··· Task input ···

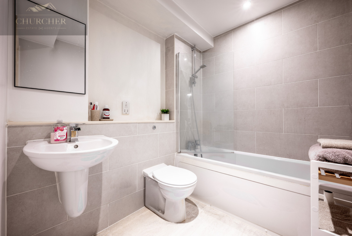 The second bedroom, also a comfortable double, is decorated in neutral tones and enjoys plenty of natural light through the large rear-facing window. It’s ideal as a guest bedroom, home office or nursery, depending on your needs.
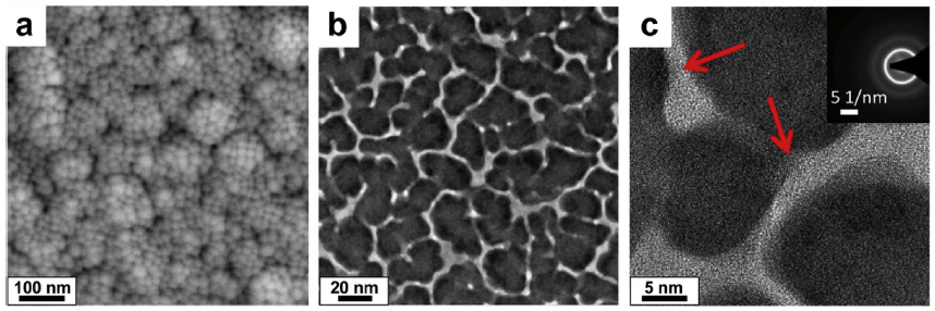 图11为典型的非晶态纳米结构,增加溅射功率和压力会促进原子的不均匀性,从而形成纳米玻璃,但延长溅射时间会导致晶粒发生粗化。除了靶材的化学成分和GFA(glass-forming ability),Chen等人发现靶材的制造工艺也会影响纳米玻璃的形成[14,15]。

···
··· Task input ···

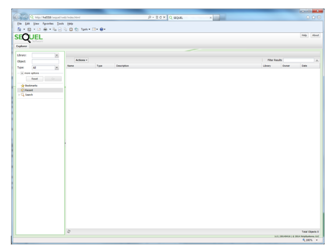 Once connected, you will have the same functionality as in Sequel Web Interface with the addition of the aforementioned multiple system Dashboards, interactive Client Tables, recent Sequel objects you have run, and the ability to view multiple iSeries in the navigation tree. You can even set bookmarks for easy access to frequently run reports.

···

#### [Work to complete]
Word for word, repeat the lines above from the one with "The second bedroom, also" through the one with "图11为典型的非晶态纳米结构", and nothing beyond them. Omit the pictures.

#### [Exercise output]
 The second bedroom, also a comfortable double, is decorated in neutral tones and enjoys plenty of natural light through the large rear-facing window. It’s ideal as a guest bedroom, home office or nursery, depending on your needs.
 图11为典型的非晶态纳米结构,增加溅射功率和压力会促进原子的不均匀性,从而形成纳米玻璃,但延长溅射时间会导致晶粒发生粗化。除了靶材的化学成分和GFA(glass-forming ability),Chen等人发现靶材的制造工艺也会影响纳米玻璃的形成[14,15]。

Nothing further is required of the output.